Another bar on Quitman yields friendlier clientele, but we begin to realize our chances for excitement are pretty low, so we hop in the car and head out to the Richmond Strip for a nightcap. On the way there, my buddy says, "The funny part about all these fucking declarations of wrongdoing and stuff is, you go to a big fucking corporate party or Christmas party and they've got the back room. There are fucking people snorting lines of coke in there. How legal is that? So you're going to fuck with these people in a small neighborhood?

"That's the part I don't care for," he says. "The size of your wallet dictates the good time you can have."

He calms down after we order a drink at our final destination, a pub on Richmond that just so happens to be full of Anglos. And before we're even halfway done with our pints, a woman we've just met tells us she's got a little baggie of coke in her purse.

We can have some, she says.

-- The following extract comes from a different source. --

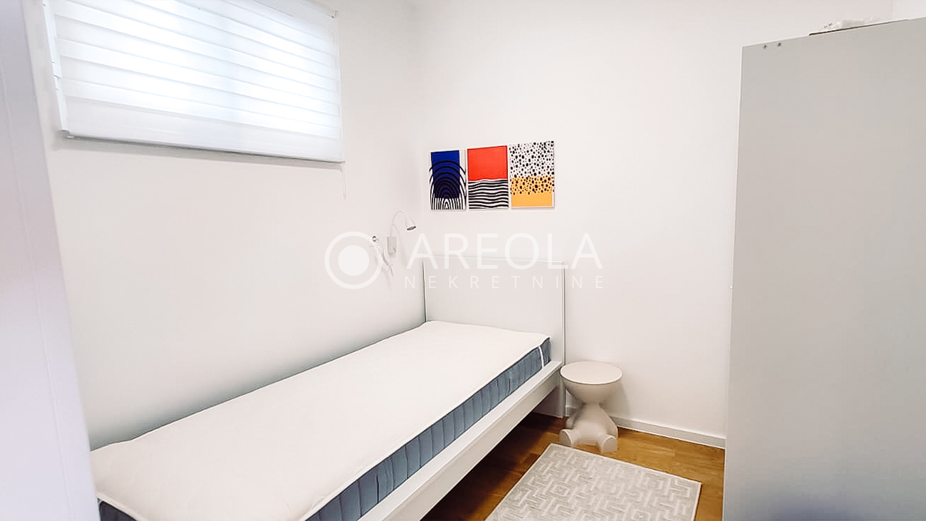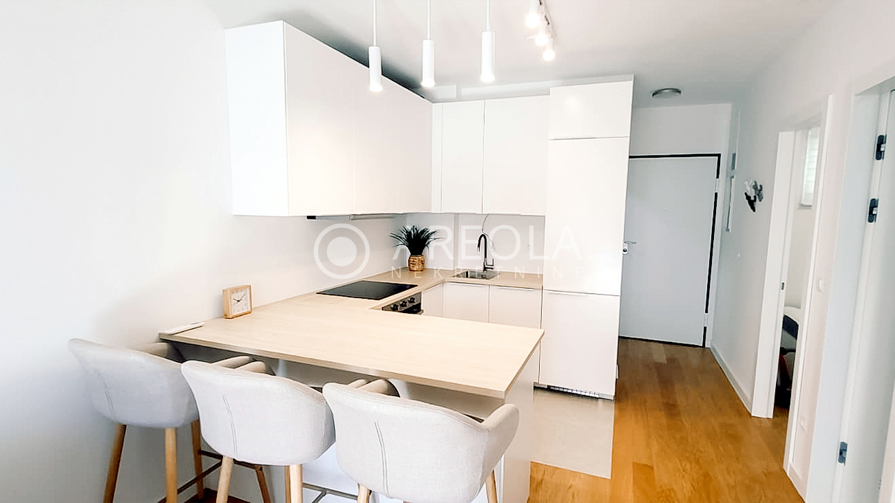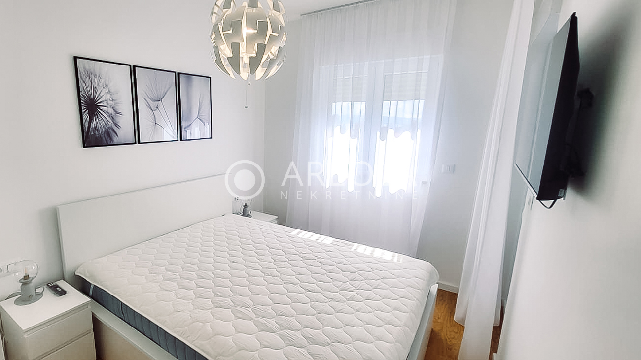 Stan je potpuno novoopremljen i namješten, te se iznajmljuje po prvi put. Na raspolaganju je i parkirno mjesto u garaži.

All we have to do is ask.

"I used to open and close the bars," says 68-year-old Armando Bermudez, sitting in a bakery on Quitman. "Now I just close them." Bermudez refers to this panadería as his office; he hasn't touched the hooch in 14 years, he says, so it's in here that he spends most of his evenings, sipping coffee, chatting with buddies.

When he's not slurping java, he often circles the neighborhood in his car, looking at cantinas. "That's all I do," he says. "I just drive around and see who's got the most shit going down. If I see too many violations from the outside, can you imagine what's going on inside?"

Bermudez is vice president of Near Northside BOND (Blocks Organized for Neighborhood Defense), the civic group that's been lodging complaints against these bars. Last year the group helped close down the Blo-N-Go, a small bar on Paschall, by raising enough of a ruckus to ensure the owner's liquor license wasn't renewed.

"It took us ten months to finally get the Blo-N-Go from start to finish," says 77-year-old Gene Goins, president of BOND, who estimates there are 200 other cantinas in the same zip code. "If it takes us ten months on each one, that's about 2,000 months, and heaven help us all."

Their next target is the bar down the street from the Blo-N-Go, the one with the gravel driveway and the faux wood paneling.

"It looks like the black hole of Calcutta in there," says Goins.

"I wouldn't walk in there," says Bermudez. "You want to make a story? Build a story from the outside, take pictures from the outside."

And miss the chance to drink on the job? I think not.